Dasco mengungkapkan bahwa saat ini Komisi III DPR RI tengah aktif melakukan berbagai tahapan mulai dari persiapan, penghimpunan masalah hingga penyusunan naskah akademik.
"Kami waktu itu sudah menyatakan bahwa kalau sudah selesai Undang-Undang KUHP, KUHAP, kemudian juga dikompilasi dengan Undang-Undang Tipikor, Komisi III DPR RI pada saat ini sedang dan sudah belanja masalah," ujar Dasco kepada wartawan, dikutip Selasa, 24 Februari 2026.
"Sekarang sedang dalam penyusunan draf naskah akademik dan RUU-nya," lanjut Dasco.
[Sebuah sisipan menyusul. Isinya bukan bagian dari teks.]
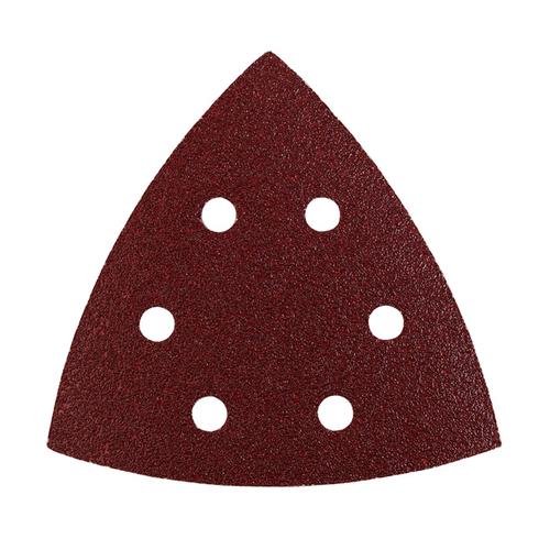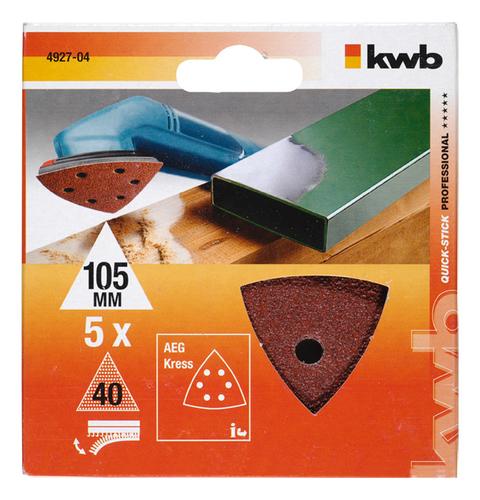 Delta sanding discs, 105mm, for wood and metal, aluminium oxide abrasive coated, phenolic resin bonded, strong backing, with hook- and-loop fabric backing, punched, for use with delta/detail sanders, for sanding metal and wood, paint, varnish, filler, kwb 492704. Quantity per pack: 5 pc(s)
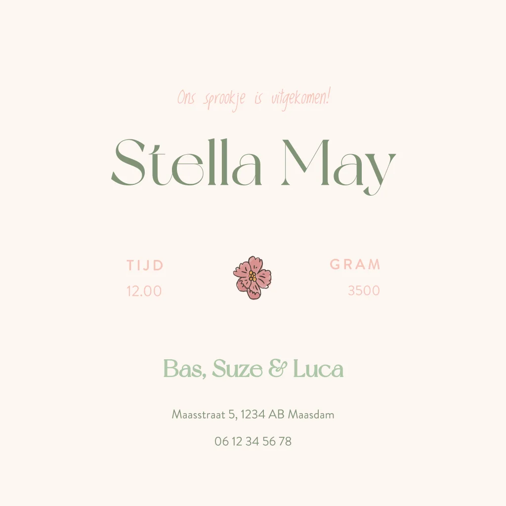 Dit geboortekaartje maakt deel uit van een complete set in deze stijl.
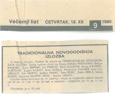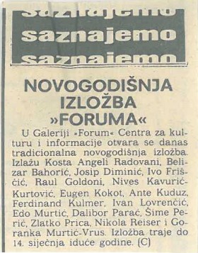 NOVOGODIŠNJA IZLOŽBA FORUMA, Grupna izložba, Galerija Forum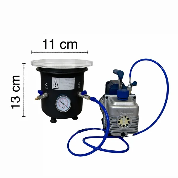 دستگاه وکیوم حباب گیر یک سیستم حبابگیري مایعات مختلف تحت خلأ و در محیط ایزوله بوده و به کمک این سیستم می توان انواعچسب، رزین، قالبهاي سیلیکونی، نانولوله هاي کربنی، نانولوله هاي سیلیکونی،پلیمرها، بردهاي الکترونیکی و … را حبابگیري نمود. اینسیستم از قسمتهاي مختلفی نظیر محفظه استوانه اي، درب شفاف، شیرهاي خلأ استاندارد، پمپ خلأ و گیج خلأ تشکیل شده است. عمربالا، کاربري آسان و گسترده از ویژگیهاي این دستگاه می باشد. مخازن حبابگیري در سایزهاي مختلف تولید میشوند و پمپ وکیوم متناسب با حجم مخزن در نظر گرفته می شود. پمپ هاي وکیوم از نوع روغنی بوده و فشار نسبی کمتر از منفی0/85 بار (در تهران) را ایجاد می کنند که فشاري مطلوب جهت حبابگیري می باشد. این دستگاه ها راه حلی ایده آل براي تخلیه حبابهايمحبوس در مایعات با ویسکوزیته بالا می باشد. مخزن خلأ (وکیوم چمبر)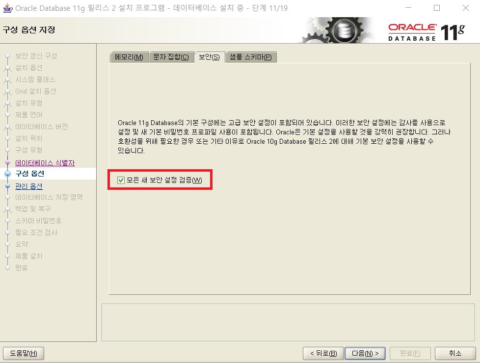 22. 모든 새 보안 설정 검증 선택 여부 확인 후 샘플 스키마를 클릭합니다.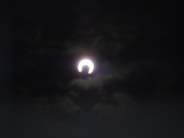 空に浮かぶ小さな金のリングは日食メガネを通して撮るしかない。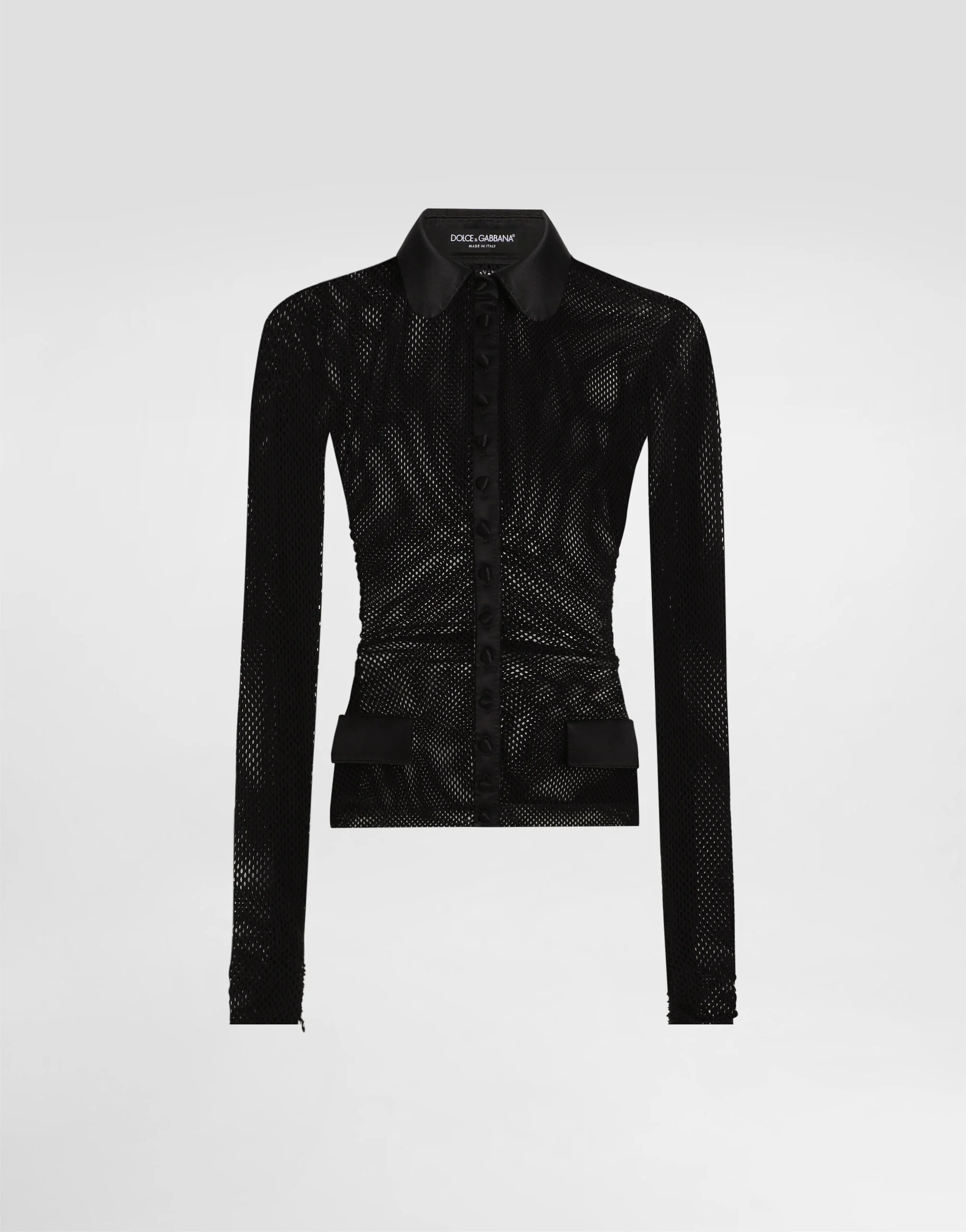 The Spring/Summer 2025 Women’s Collection is celebrating Italian beauty through bold and charismatic femininity. The 50s-inspired lingerie is the star, intermingling with fitted dresses, corsets and oversize trench coats. The iconic jackets have been updated with cropped cuts and modern inserts, while the floral prints add a romantic edge. The eveningwear shines with light fabrics and crystals, accompanied by look-defining accessories, from iconic bags to the cross earrings. Mesh shirt jacket: • Black • Shirt collar • Long sleeves • Fitted with side draping • Faux pockets • Unlined • Button fastenings • The piece measures 54 cm from the center back on a size IT 40 • The model is 175 cm tall and wears a size IT 40 • Made in Italy External composition: 69% Polyamide 20% Silk 06% Polyester 05% Spandex

Lebih lanjut, Dasco menyebutkan bahwa RUU Perampasan Aset akan dibahas bersamaan dengan beberapa agenda legislasi penting lainnya, seperti RUU Perlindungan Pekerja Rumah Tangga (PPRT) dan aturan terkait ketenagakerjaan.
Ia menjamin bahwa DPR akan membuka ruang seluas-luasnya bagi masyarakat untuk memberikan masukan sebelum undang-undang tersebut disahkan.
"Nah, sehingga ketika itu kemudian selesai, kita juga akan segera menyusul dengan Undang-Undang PPRT dan Ketenagakerjaan tadi. Kita akan segera adakan partisipasi publik, untuk kemudian setelah itu kita akan melakukan pembahasan undang-undang," pungkasnya.